*Exercise aim*.
Every line from the one holding "学生時代から様々な取り組みを" through the one holding "幾何学模様ワンピース 商品コード341-380-59-5357 全体に幾何学模様があしらわれたデザインのワンピースです。" in the data below must be returned exactly, both ends included, with pictures left out and nothing else added.
(Provided information Opens)
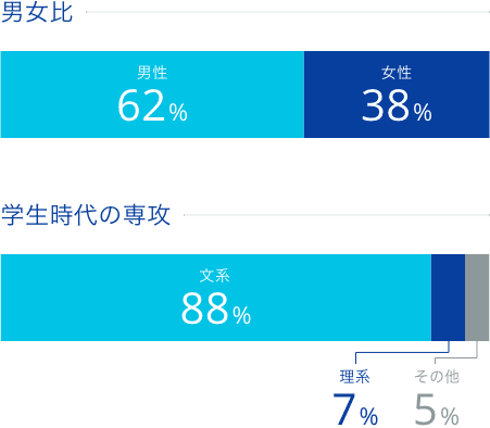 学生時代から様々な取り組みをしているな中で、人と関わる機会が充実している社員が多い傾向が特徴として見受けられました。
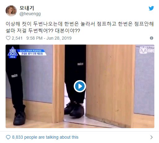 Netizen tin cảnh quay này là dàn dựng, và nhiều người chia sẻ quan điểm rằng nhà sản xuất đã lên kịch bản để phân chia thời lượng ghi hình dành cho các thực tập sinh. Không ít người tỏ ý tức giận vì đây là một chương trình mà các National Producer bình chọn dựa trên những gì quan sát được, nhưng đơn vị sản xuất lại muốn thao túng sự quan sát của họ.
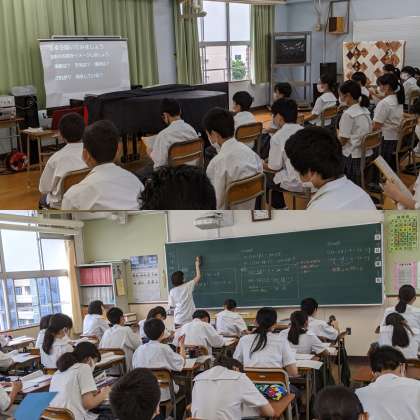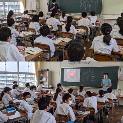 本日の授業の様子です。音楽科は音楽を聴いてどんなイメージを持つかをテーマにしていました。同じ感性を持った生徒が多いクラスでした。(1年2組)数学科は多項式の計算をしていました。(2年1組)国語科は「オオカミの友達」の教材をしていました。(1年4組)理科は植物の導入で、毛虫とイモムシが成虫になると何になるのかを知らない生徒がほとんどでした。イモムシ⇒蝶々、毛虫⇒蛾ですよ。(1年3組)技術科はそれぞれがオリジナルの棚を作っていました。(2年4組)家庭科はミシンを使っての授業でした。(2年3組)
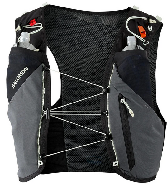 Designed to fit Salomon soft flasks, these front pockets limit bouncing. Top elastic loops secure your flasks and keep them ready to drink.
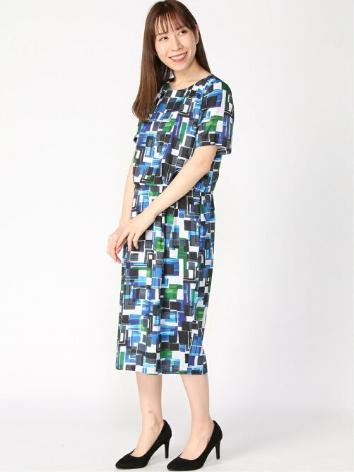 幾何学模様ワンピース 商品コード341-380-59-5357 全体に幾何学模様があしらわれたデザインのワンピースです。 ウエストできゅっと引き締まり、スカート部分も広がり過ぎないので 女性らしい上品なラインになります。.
(Provided information Closes)
(Provided information Opens)
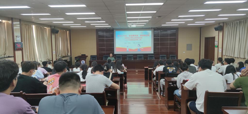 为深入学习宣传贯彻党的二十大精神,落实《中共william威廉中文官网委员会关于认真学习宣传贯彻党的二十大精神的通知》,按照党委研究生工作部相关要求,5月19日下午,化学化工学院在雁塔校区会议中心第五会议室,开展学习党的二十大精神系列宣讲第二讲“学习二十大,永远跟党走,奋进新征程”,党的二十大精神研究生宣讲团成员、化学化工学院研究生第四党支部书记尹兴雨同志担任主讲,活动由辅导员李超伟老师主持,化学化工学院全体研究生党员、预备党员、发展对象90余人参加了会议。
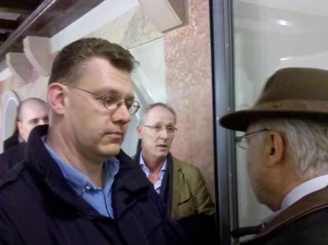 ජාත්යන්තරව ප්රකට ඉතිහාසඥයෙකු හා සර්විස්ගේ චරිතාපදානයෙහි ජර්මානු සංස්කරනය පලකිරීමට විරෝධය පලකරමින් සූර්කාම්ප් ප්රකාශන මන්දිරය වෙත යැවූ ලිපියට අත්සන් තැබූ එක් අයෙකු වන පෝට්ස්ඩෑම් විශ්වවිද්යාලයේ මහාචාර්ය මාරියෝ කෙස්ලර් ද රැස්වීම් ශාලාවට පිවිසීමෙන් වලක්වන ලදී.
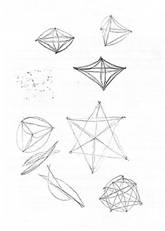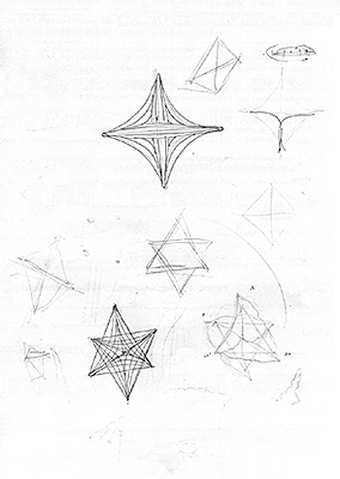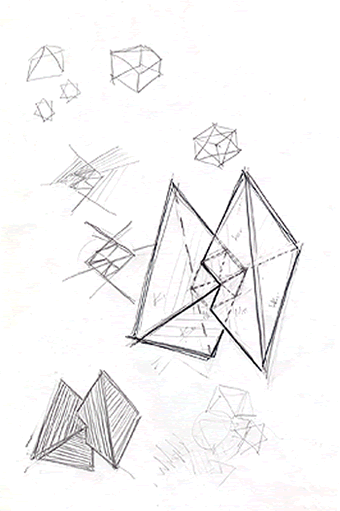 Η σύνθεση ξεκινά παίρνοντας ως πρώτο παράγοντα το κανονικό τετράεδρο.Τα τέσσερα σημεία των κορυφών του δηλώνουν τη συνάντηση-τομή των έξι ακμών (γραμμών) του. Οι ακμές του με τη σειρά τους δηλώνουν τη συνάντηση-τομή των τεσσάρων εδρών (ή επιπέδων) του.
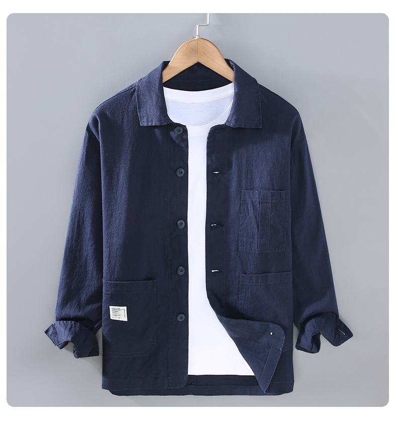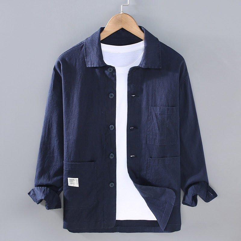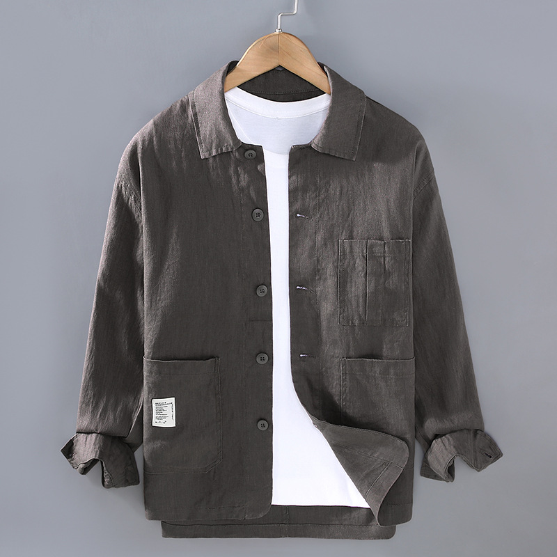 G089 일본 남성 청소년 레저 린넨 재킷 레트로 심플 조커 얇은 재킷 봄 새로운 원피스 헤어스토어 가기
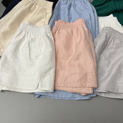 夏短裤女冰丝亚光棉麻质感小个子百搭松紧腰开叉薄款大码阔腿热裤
(Provided information Closes)
*Exercise result*.
 学生時代から様々な取り組みをしているな中で、人と関わる機会が充実している社員が多い傾向が特徴として見受けられました。
 Netizen tin cảnh quay này là dàn dựng, và nhiều người chia sẻ quan điểm rằng nhà sản xuất đã lên kịch bản để phân chia thời lượng ghi hình dành cho các thực tập sinh. Không ít người tỏ ý tức giận vì đây là một chương trình mà các National Producer bình chọn dựa trên những gì quan sát được, nhưng đơn vị sản xuất lại muốn thao túng sự quan sát của họ.
 本日の授業の様子です。音楽科は音楽を聴いてどんなイメージを持つかをテーマにしていました。同じ感性を持った生徒が多いクラスでした。(1年2組)数学科は多項式の計算をしていました。(2年1組)国語科は「オオカミの友達」の教材をしていました。(1年4組)理科は植物の導入で、毛虫とイモムシが成虫になると何になるのかを知らない生徒がほとんどでした。イモムシ⇒蝶々、毛虫⇒蛾ですよ。(1年3組)技術科はそれぞれがオリジナルの棚を作っていました。(2年4組)家庭科はミシンを使っての授業でした。(2年3組)
 Designed to fit Salomon soft flasks, these front pockets limit bouncing. Top elastic loops secure your flasks and keep them ready to drink.
 幾何学模様ワンピース 商品コード341-380-59-5357 全体に幾何学模様があしらわれたデザインのワンピースです。 ウエストできゅっと引き締まり、スカート部分も広がり過ぎないので 女性らしい上品なラインになります。.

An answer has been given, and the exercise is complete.